In September 2002, Yusuf al-Khalid (then nine years old) and Abed al-Khalid (then seven years old) were reportedly apprehended by Pakistani security forces during an attempted capture of their father, Khalid Sheikh Mohammed. Khalid Sheikh Mohammed was successfully apprehended several months later, and the U.S. government has acknowledged that he was in the U.S. Secret Detention Program. He
is presently held at Guantánamo Bay.
In an April 16, 2007 statement, Ali Khan (father of Majid Khan, a detainee who the U.S. government has acknowledged was in the U.S. Secret Detention Program and is presently held at Guantánamo Bay) indicated that Yusef and Abed al-Khalid had been held in the same location in which Majid Khan and Majid’s brother Mohammed were detained in March/April 2003. Mohammed was detained by Pakistani officials for approximately one month after his apprehension on March 5, 2003 (see below). Ali
Khan’s statement indicates that:
Also according to Mohammed, he and Majid were detained in the
same place where two of Khalid Sheik Mohammed’s young children,
ages about 6 and 8, were held. The Pakistani guards told my son that
the boys were kept in a separate area upstairs, and were denied food
and water by other guards. They were also mentally tortured by having
ants or other creatures put on their legs to scare them and get them to
say where their father was hiding.
After Khalid Sheikh Mohammed’s arrest in March 2003, Yusuf and Abed Al Khalid were reportedly transferred out of Pakistan in U.S. custody. The children were allegedly being sent for questioning about their father’s activities and to be used by the United States as leverage to force their father to co-operate with the United States. A press report on March 10, 2003 confirmed that CIA interrogators had detained the children
and that one official explained that:
"We are handling them with kid gloves. After all, they are only little
children...but we need to know as much about their father's recent
activities as possible. We have child psychologists on hand at all
times and they are given the best of care."
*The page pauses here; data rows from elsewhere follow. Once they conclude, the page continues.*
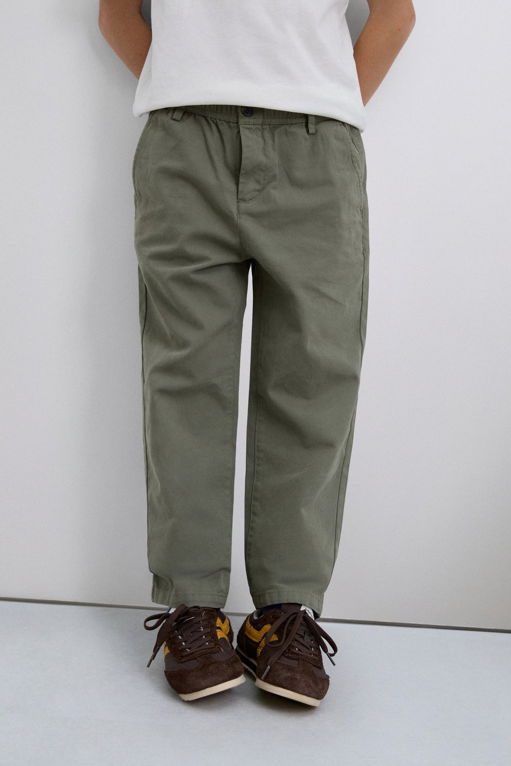 Chino trousers made of 100% BCI cotton. Two front and back pockets. Button fastening and belt loops. Logo label detail on the pocket.
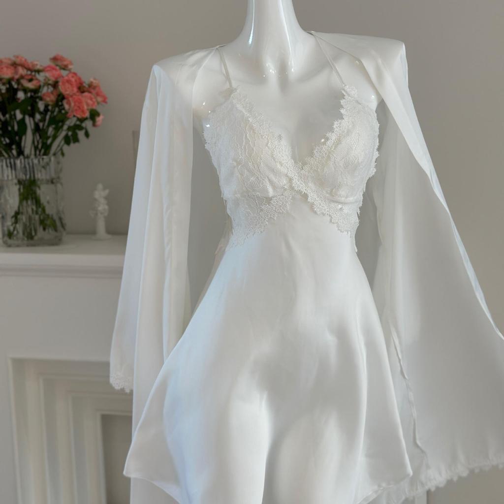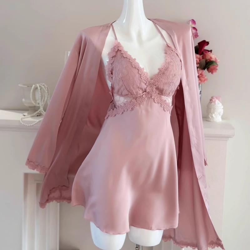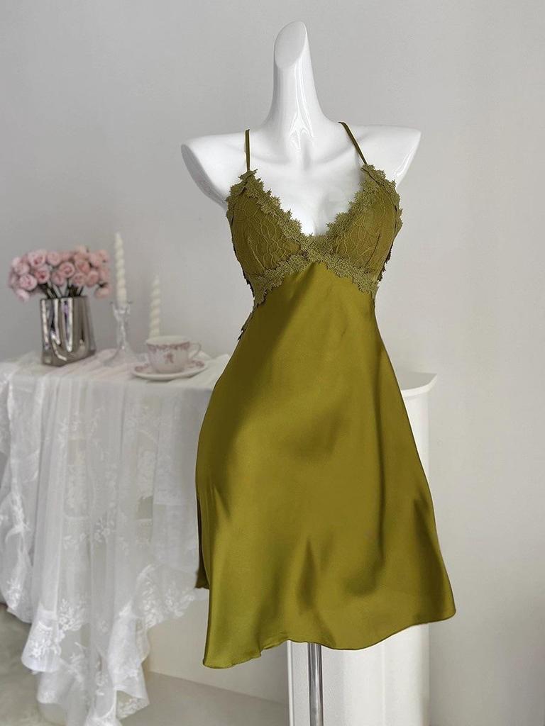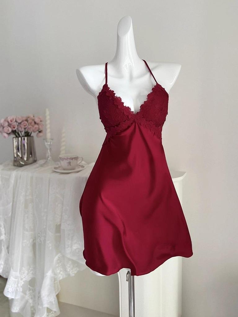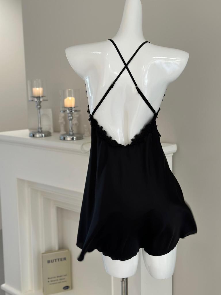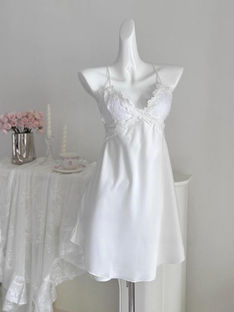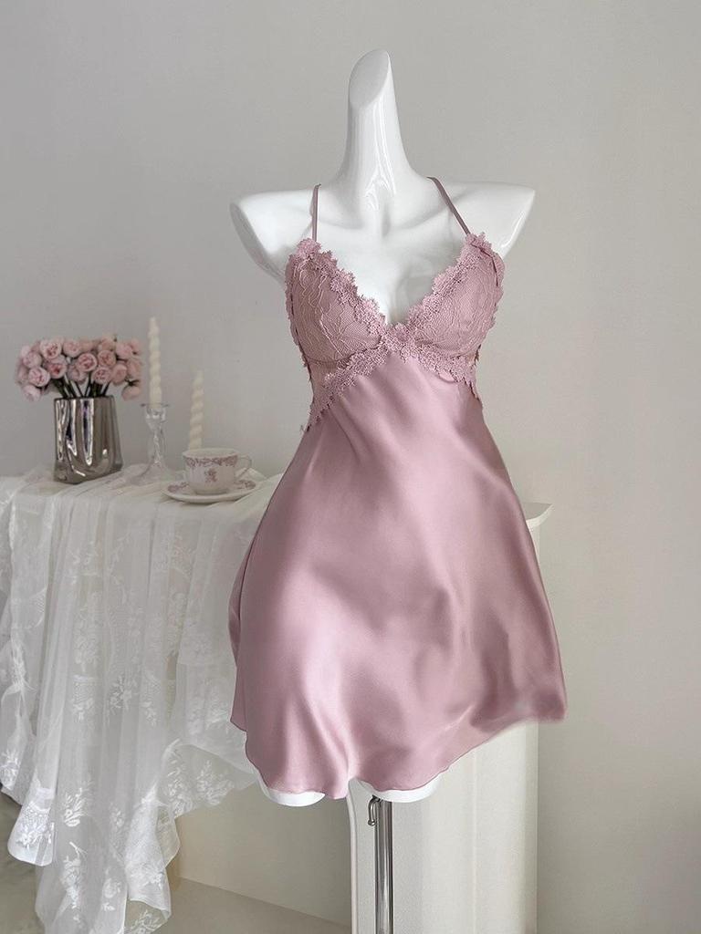 Летняя женская шелковая ночная сорочка на бретелях - Сексуальная открытая спина с нагрудными вкладышами
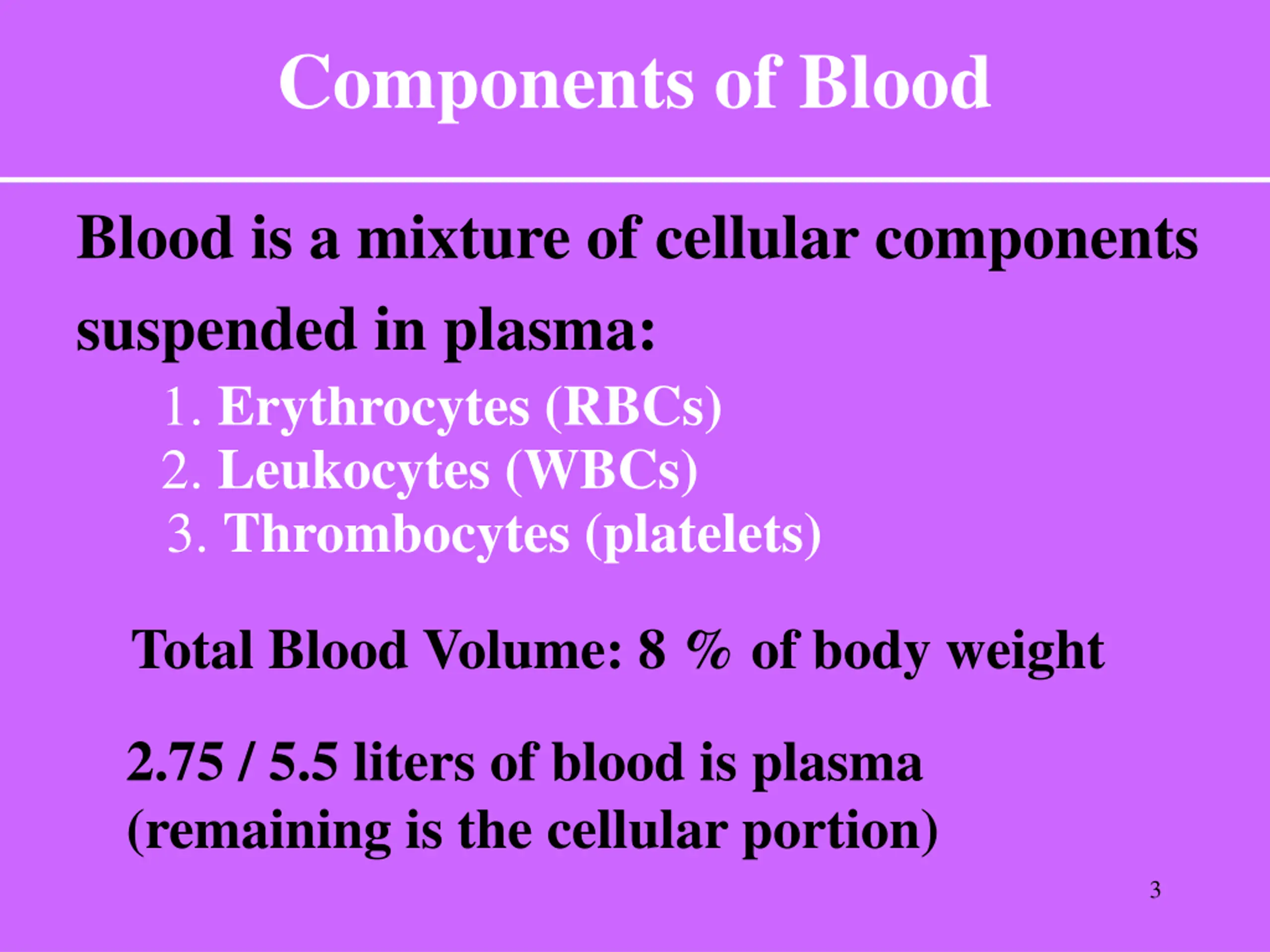 Components of Blood Blood is a mixture of cellular components suspended in plasma: 1. Erythrocytes (RBCs) 2. Leukocytes (WBCs) 3. Thrombocytes (platelets) Total Blood Volume: 8 % of body weight 2.75 / 5.5 liters of blood is plasma (remaining is the cellular portion) 3
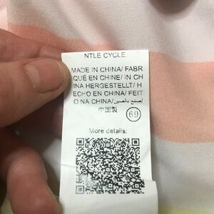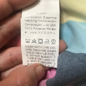 Features: Multicolor vertical stripes, tie-front hem, long sleeves with cuffs
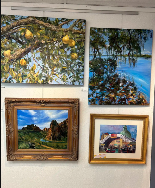| Eileen McGee Pestorius ’61 | ( | English Literature | ) | Submitted a photo that shows her wall in a coop art gallery in Georgetown TX, just north of Austin. She still painting and teaching a bit, and has a life rich with friends and family both near and far. | ![]() | |
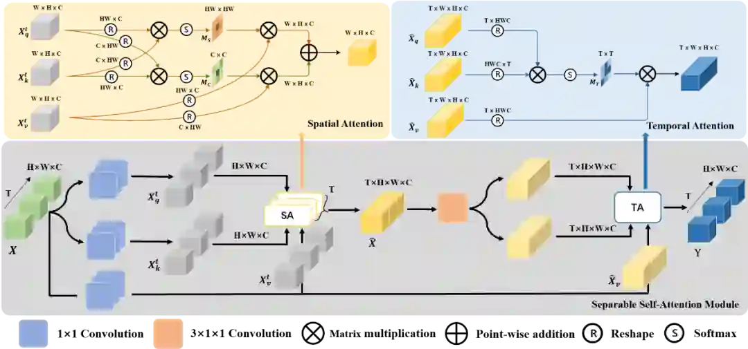 图16:可分离自注意力模块。黄色代表空域注意力(SA),蓝色代表时域注意力(TA)
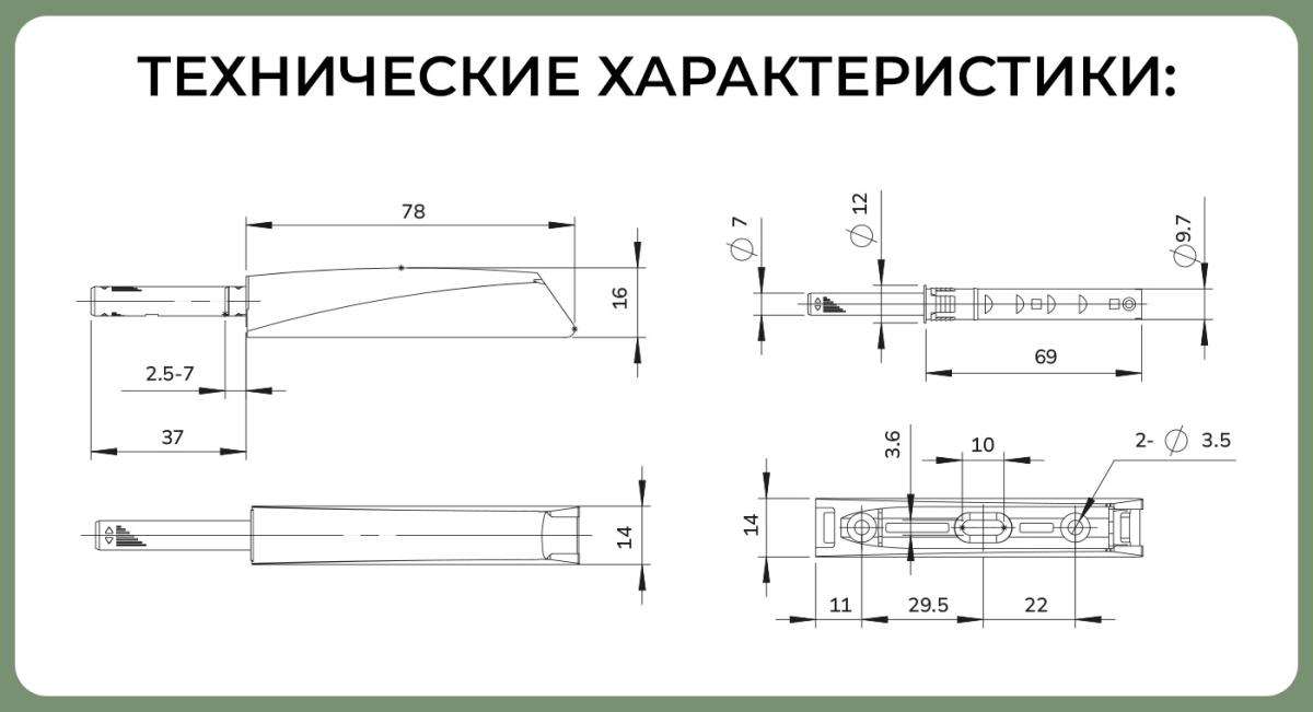 Примечание: SETE Толкатель (отбойник) c силиконовым окончанием с накладным типом монтажа предназначен для распашных дверей и ящиков без доводчиков.
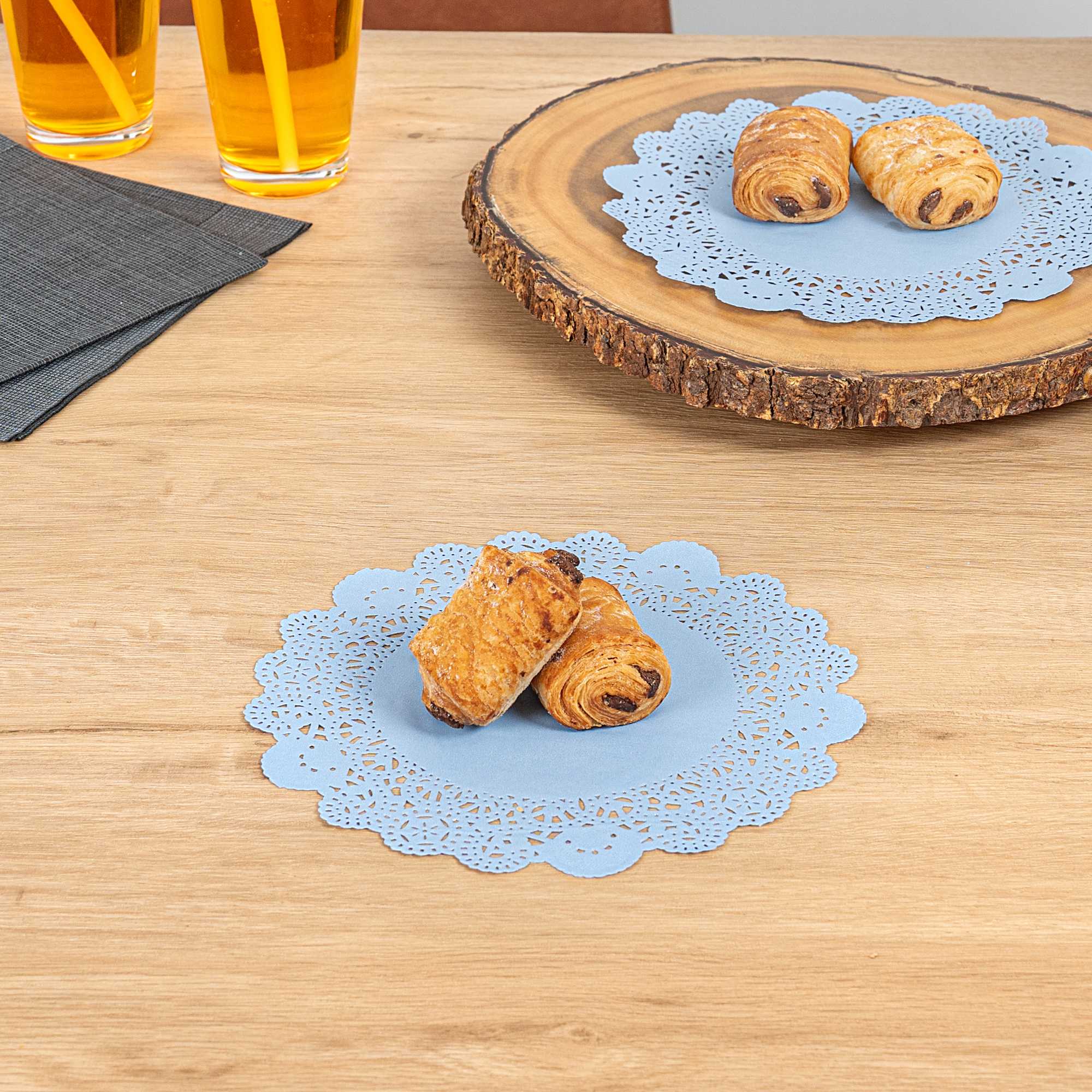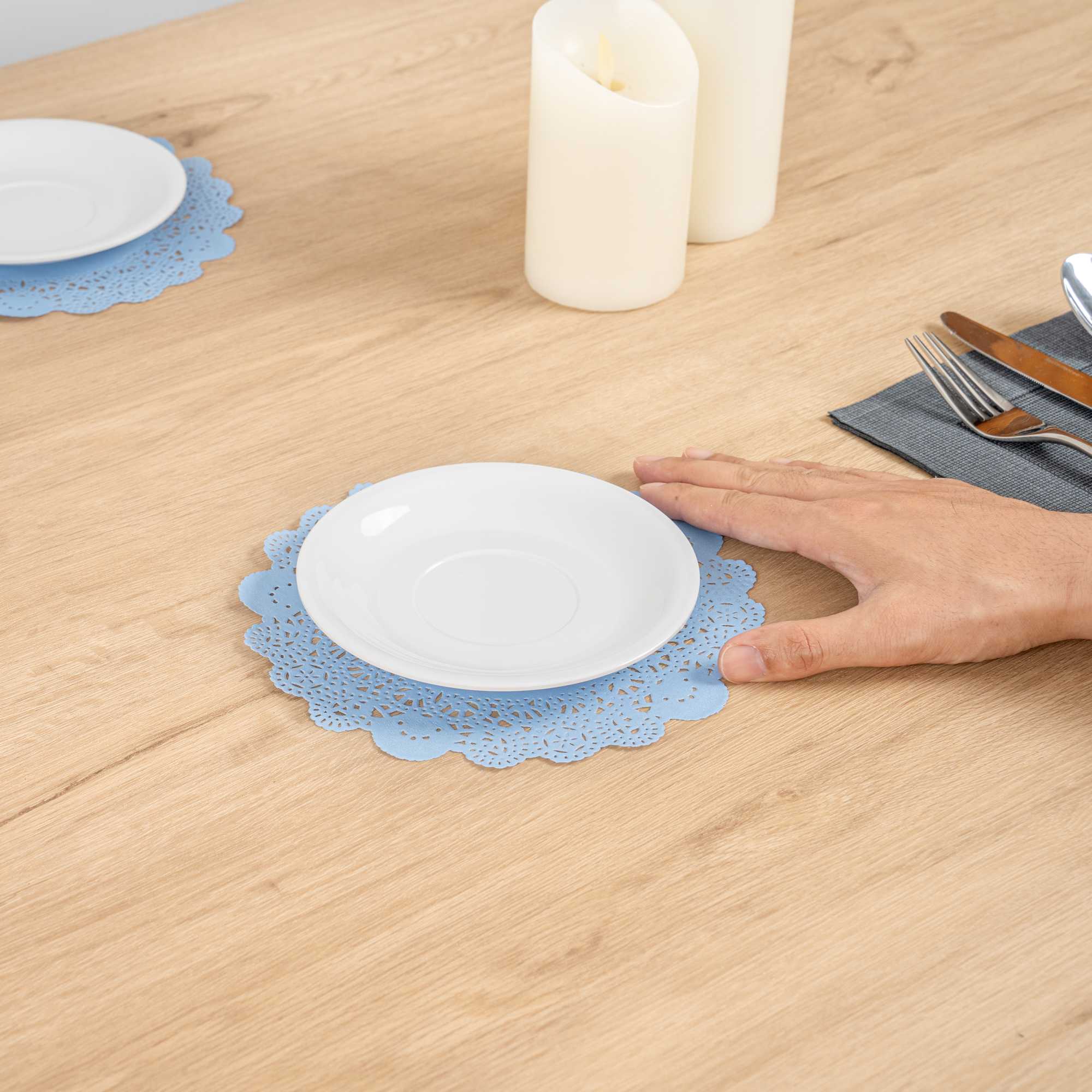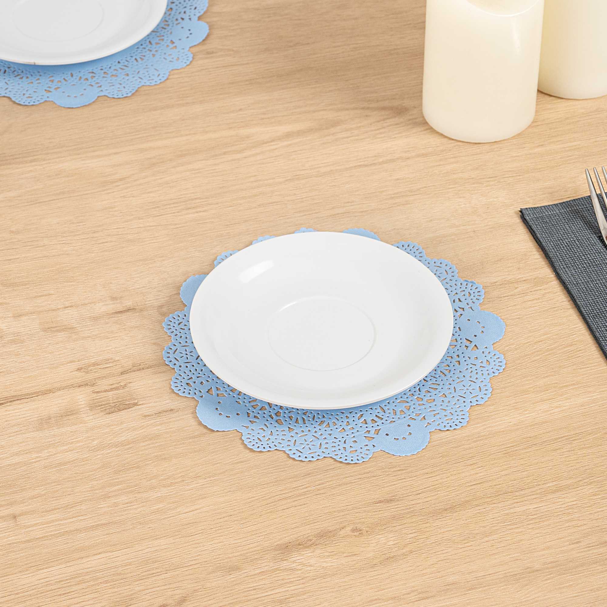 ROUND SKY BLUE PAPER DOILIES - LACE
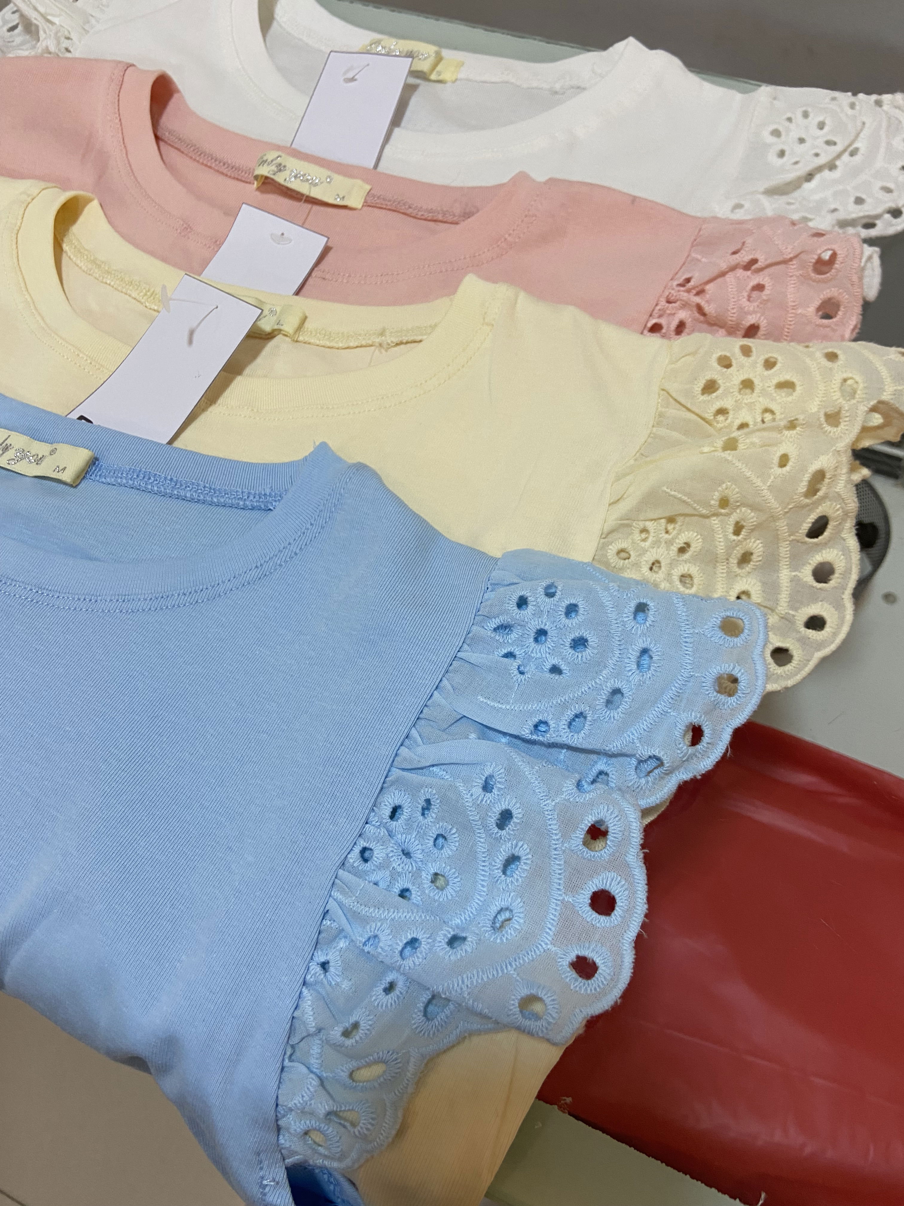 Reme de algodón elastizado, con mangas de brodery que le dan el toque romántico y elegante, sumado a los colores que son lo más tierno ✨🤩🌸

In the transcript of Khalid Sheikh Mohammed’s Combatant Status Review Tribunal, he indicates knowledge that his children were apprehended and abused:
"They arrested my kids intentionally. They are kids. They been arrested for four months they had been abused."
On March 5, 2003, Majid Khan, was apprehended in Karachi, Pakistan, along with his brother Mohammed, his brother’s wife and their one month-old daughter. They were all taken to an unknown location. Majid Khan’s sister-in-law and her daughter were detained for one week, and as mentioned above, Mohammed Khan was detained by Pakistani officials for approximately one month.
Given that psychologists working for the CIA are neck deep in torture, and given that the official position of both the Bush and Obama administrations, both of which have shown their approval of kidnapping and torture, is that water torture isn't really torture (just as Whoopi Goldberg's position is that drugging and forcible sodomizing a child isn't really rape), one can't help but wonder just how many times these two little boys were subjected to water torture.
So before any Americans climb up on their high horses about the Swiss, keep in mind that they at least jailed Polanski long enough to decide what they were going to do with him. Compare that to the blanket immunity given to kidnappers and torturers who forcibly inflicted their perverted desires on adolescents in Guantanamo, Bagram and the various "black sites", and have never spent a minute behind bars or in the dock, and the Swiss look like an Old West posse complete with hanging judge.